§ **WHAT THE EXERCISE ASKS**: In the answer, each line from the top of the material through the line that contains "概述 TP8325 是一款工作在固定關斷時間控制模式的降壓型LED" is restated exactly. No picture is given again.

• • •

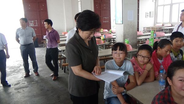 5月27日下午,县长张秀萍在县妇联、万佛湖镇党政负责人的陪同下冒雨来到万佛湖镇七星学校慰问留守儿童。
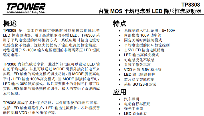 概述 TP8325 是一款工作在固定關斷時間控制模式的降壓型LED 恒流驅動器,用于高效地驅動多顆 LED。 TP8325 采用平均電流型的閉環恒流方式,系統應用時輸出電流對電感變化不敏感。這極大的提高了輸出電流的恒流精度 ...
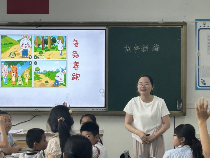 杨薛萍老师执教《故事新编》一课,这节课用四格图、图+文的导学单、问题支架、评价卡等对《龟兔赛跑》的故事进行新编。四格图依据学生熟悉的漫画中的四格图演变而来,把耳熟能详的故事《龟兔赛跑》分成四个部分,装入四格图,将“陌生”的工具“熟悉化”。表格中预测结果上下前后一对比,直观形象地呈现老故事整体构思的特点——情节大反转,帮助学生快速整体构思。图+文的导学单,借助暗示性的图形和生动的图示帮助不同层次的学生打开思路:兔子有什么特点,就有什么样的情节,激活了学生的思维,促进了求异思维的发展。
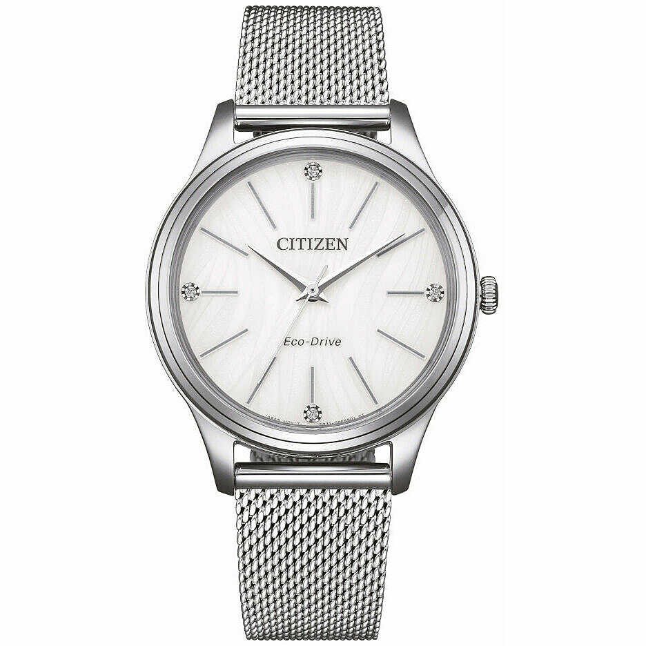 Orologio Citizen da donna realizzato con cassa in acciaio da 34 mm e cinturino in acciaio maglia milanese.
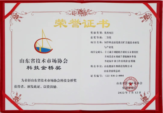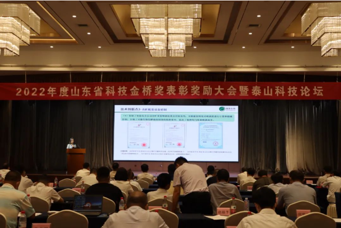 2022年8月11日,2022年度山東省科技金橋獎表彰獎勵大會暨泰山科技論壇在淄博高青舉行。會議現(xiàn)場為項目頒獎,經(jīng)過專業(yè)組評審、評審委員會評審、獎勵委員會終審,決定授予山東健源生物科技有限公司項目為山東省科技金橋獎項目二等獎,山東健源生物王誠董事長作為項目完成人上臺領(lǐng)獎。
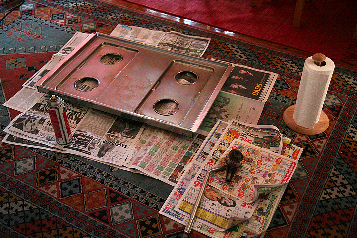 with an tao gone, i did some major cleaning. i hardly ever touched the stove but an tao used it everyday so it was pretty beat up with stains. i disassembled the components and sprayed them with an industrial strength grease cleaning gel. i vacuumed the spare bedroom and even swifted under the bed to clean up all the dust. i then reconverted it back to a storage room, moving some stuff from my bedroom.
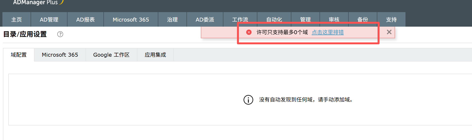 答:不可以,因为配置的第一步需要配置域,如果许可里面没有域的数量,应用后会变成下图所示:
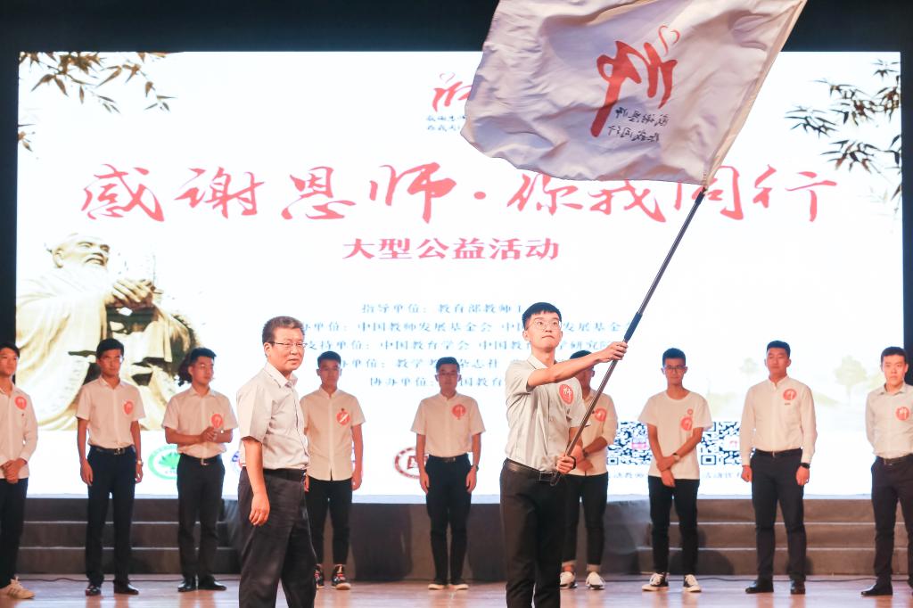 王建光向参加启动仪式的大学代表授旗,象征“感念恩师,感悟传承”的旗帜将在全国高校中薪火相传。
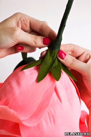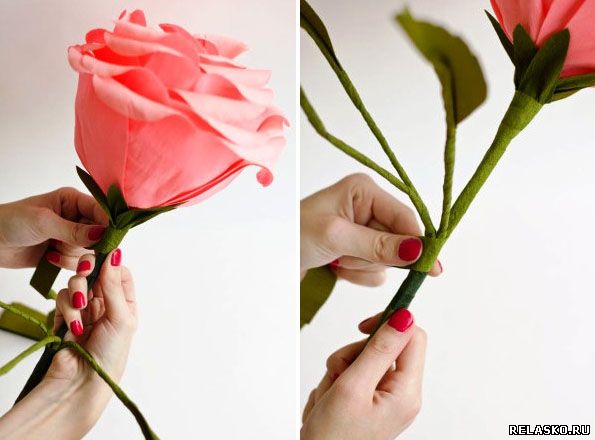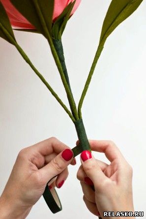 Далее переворачиваем розу и оборачиваем основание цветоложем. Закрепляем его цветочной лентой.
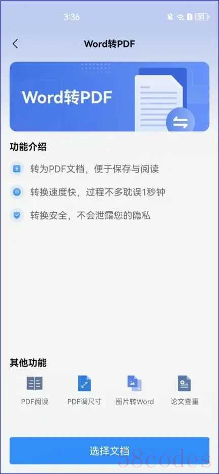 接着点击【选择文档】按钮,从文件库中导入需要转换的word文件即可转换格式!
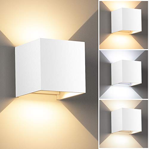 LEDMO Applique da Esterno 12W 3 Temperature di Colore(3000K-6000K) Lampada da Parete Interno/Esterno Angolo del Fascio Regolabile Lampade da Parete IP65 Impermeabile(Bianco)
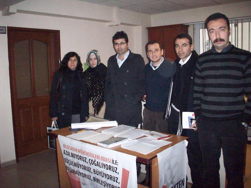 EMO Bilgisayar Mühendisliği Meslek Dalı Ana Komisyonu adına Taylan Özgür Yıldırım ve Serdar Çiftçi katılarak stand açtığı Genel Kurul süresince, EMO Diyarbakır Şubesi üyesi bilgisayar mühendisleriyle de bir araya gelindi. “Bilgisayar Mühendisleri Odası kurulmasının EMO Genel Kurulu’na taşınması, EMO ve TMMOB Genel Kurulu iradesi doğrultusunda Bilgisayar Mühendisleri Odası’nın kurulması” önergesi, EMO Diyarbakır Şubesi üyesi bilgisayar mühendisleri Zeynep Ebru Oğuz, Mahfuz Dasci, Hikmet Dasci ve Leyla Artuk’un imzasıyla divana sunuldu.
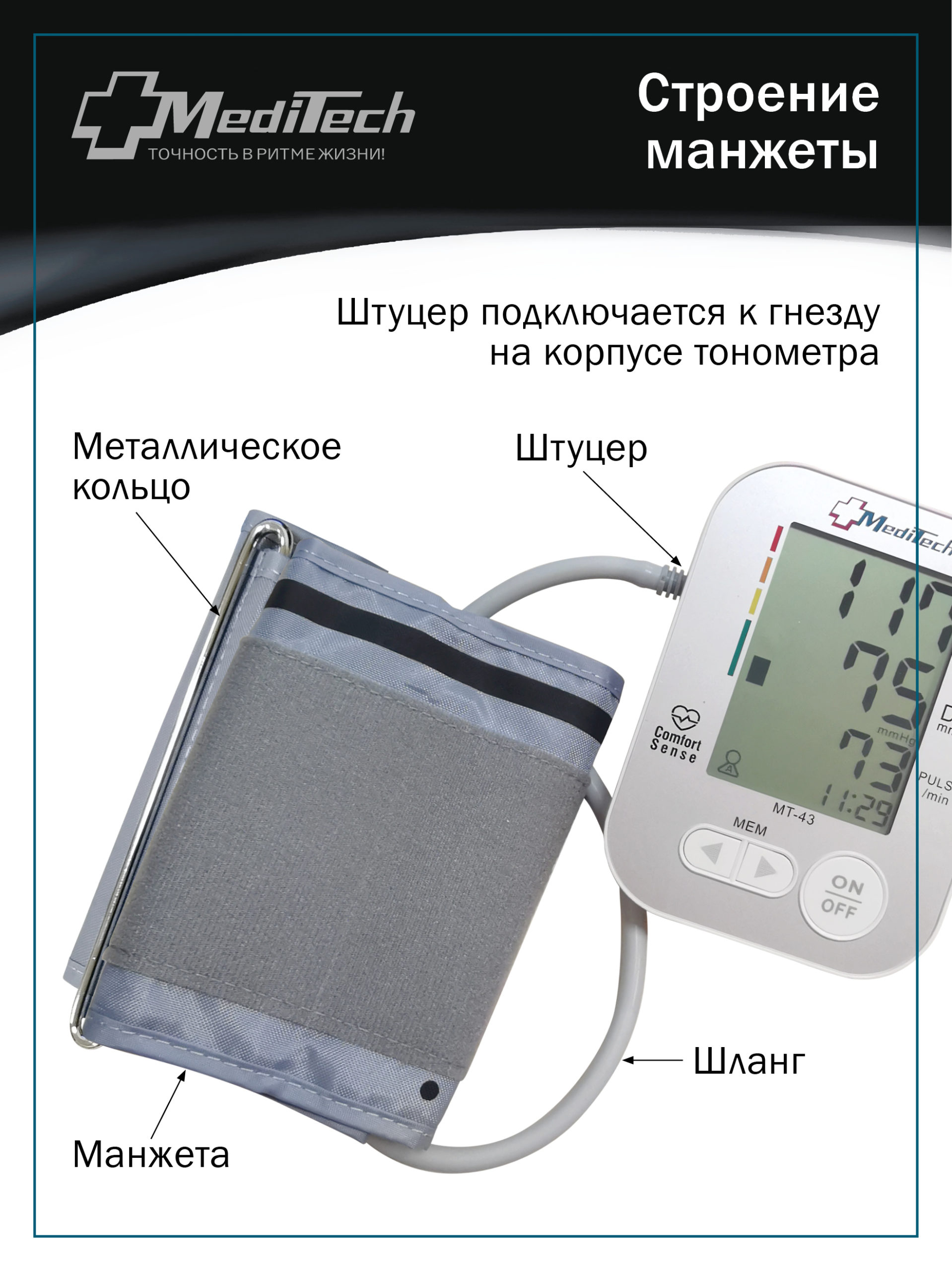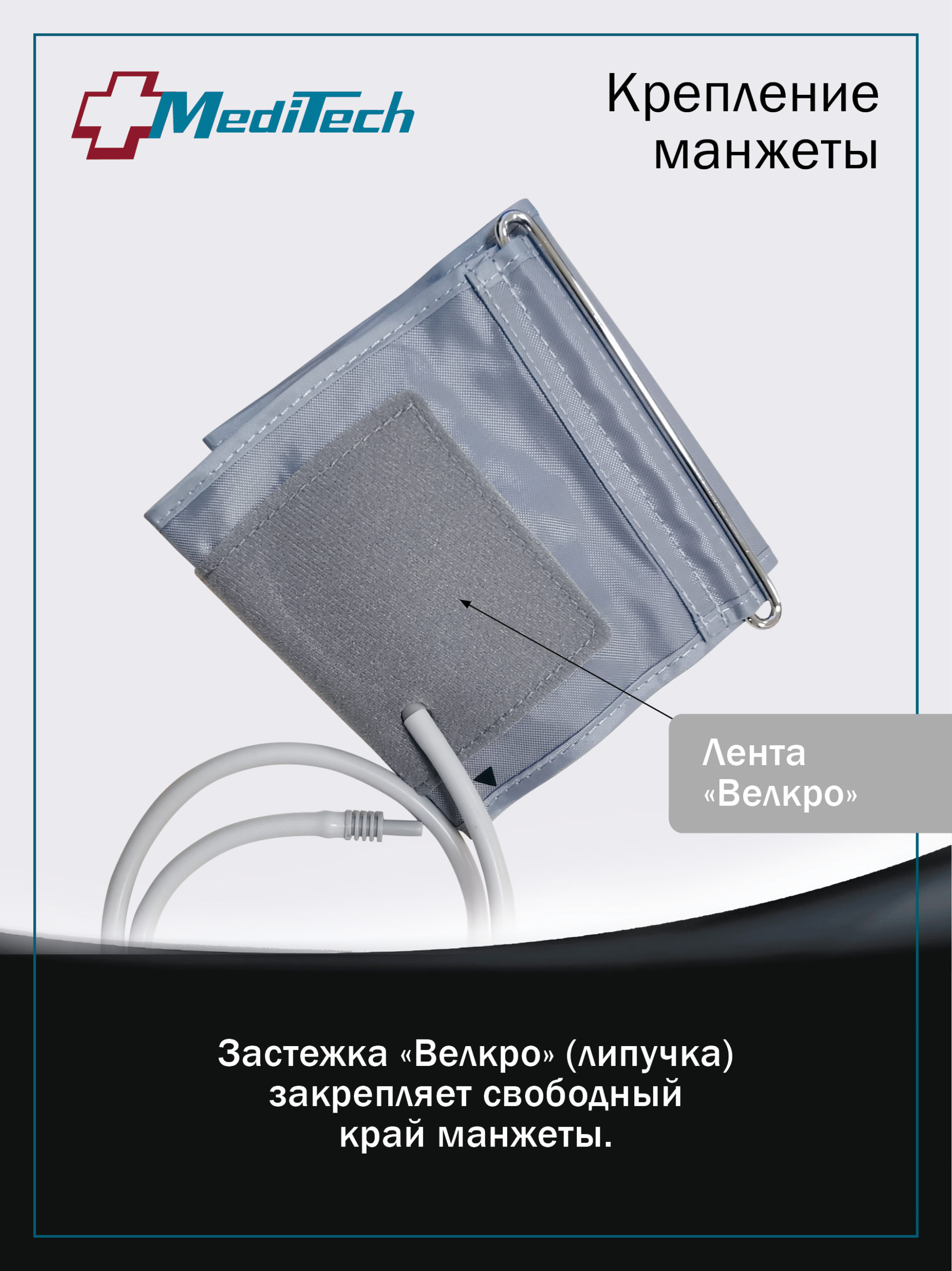 Манжеты компрессионные MediTech предназначены для автоматических тонометров моделей MT-32, MT-42, MT-43 и используются для измерения артериального давления и частоты пульса осциллометрическим способом.
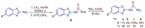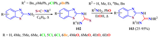 - Bhargava, P.N.; Lakhan, R. Synthesis of Benzothiazolylguanidines as Antituberculars and Antibacterials. Agr. Biol. Chem. 1968, 32, 1392–1394. [Google Scholar] [CrossRef]

• • •

§ **RESPONSE AREA**:
 5月27日下午,县长张秀萍在县妇联、万佛湖镇党政负责人的陪同下冒雨来到万佛湖镇七星学校慰问留守儿童。
 概述 TP8325 是一款工作在固定關斷時間控制模式的降壓型LED 恒流驅動器,用于高效地驅動多顆 LED。 TP8325 采用平均電流型的閉環恒流方式,系統應用時輸出電流對電感變化不敏感。這極大的提高了輸出電流的恒流精度 ...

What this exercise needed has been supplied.